» **DATA LISTING**:
▬▬▬▬▬▬

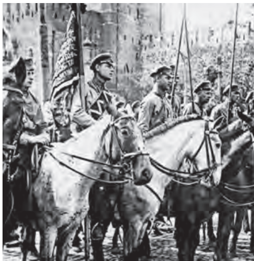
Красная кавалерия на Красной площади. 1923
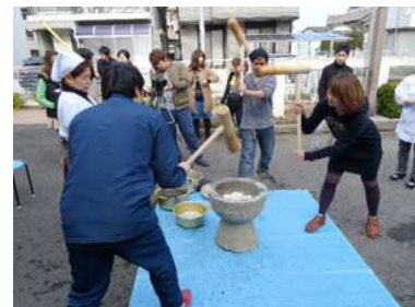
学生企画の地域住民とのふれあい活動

▬▬▬▬▬▬

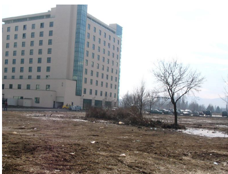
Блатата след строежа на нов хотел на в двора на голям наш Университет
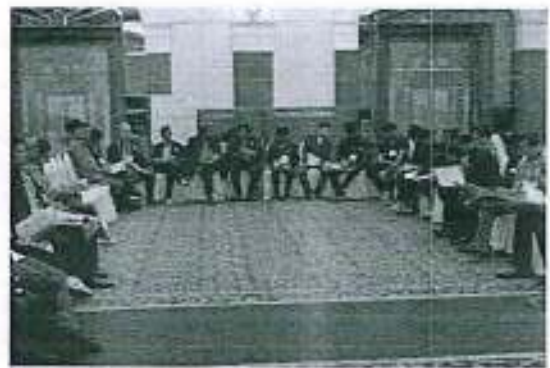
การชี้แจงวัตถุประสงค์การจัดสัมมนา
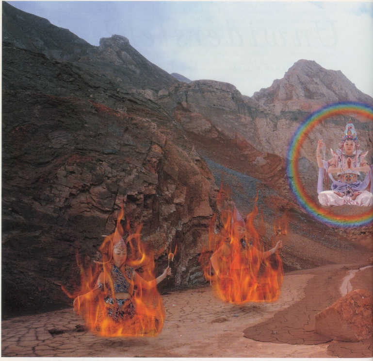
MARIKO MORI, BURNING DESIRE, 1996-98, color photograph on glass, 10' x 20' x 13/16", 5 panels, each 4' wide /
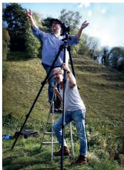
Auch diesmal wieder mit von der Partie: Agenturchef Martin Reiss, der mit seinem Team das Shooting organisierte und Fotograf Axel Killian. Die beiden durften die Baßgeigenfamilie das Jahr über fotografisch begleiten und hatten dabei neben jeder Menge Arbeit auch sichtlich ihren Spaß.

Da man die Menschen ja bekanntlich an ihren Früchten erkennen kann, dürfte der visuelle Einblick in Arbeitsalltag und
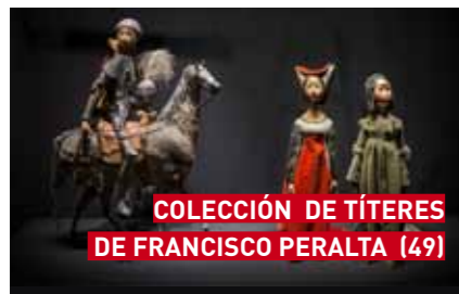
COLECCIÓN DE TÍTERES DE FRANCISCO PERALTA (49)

▬▬▬▬▬▬

» **WHAT IS EXPECTED**: Count the lines of the listing above that include the word "ihren" and report the number by itself.

» **THE COMPLETED TASK**: 2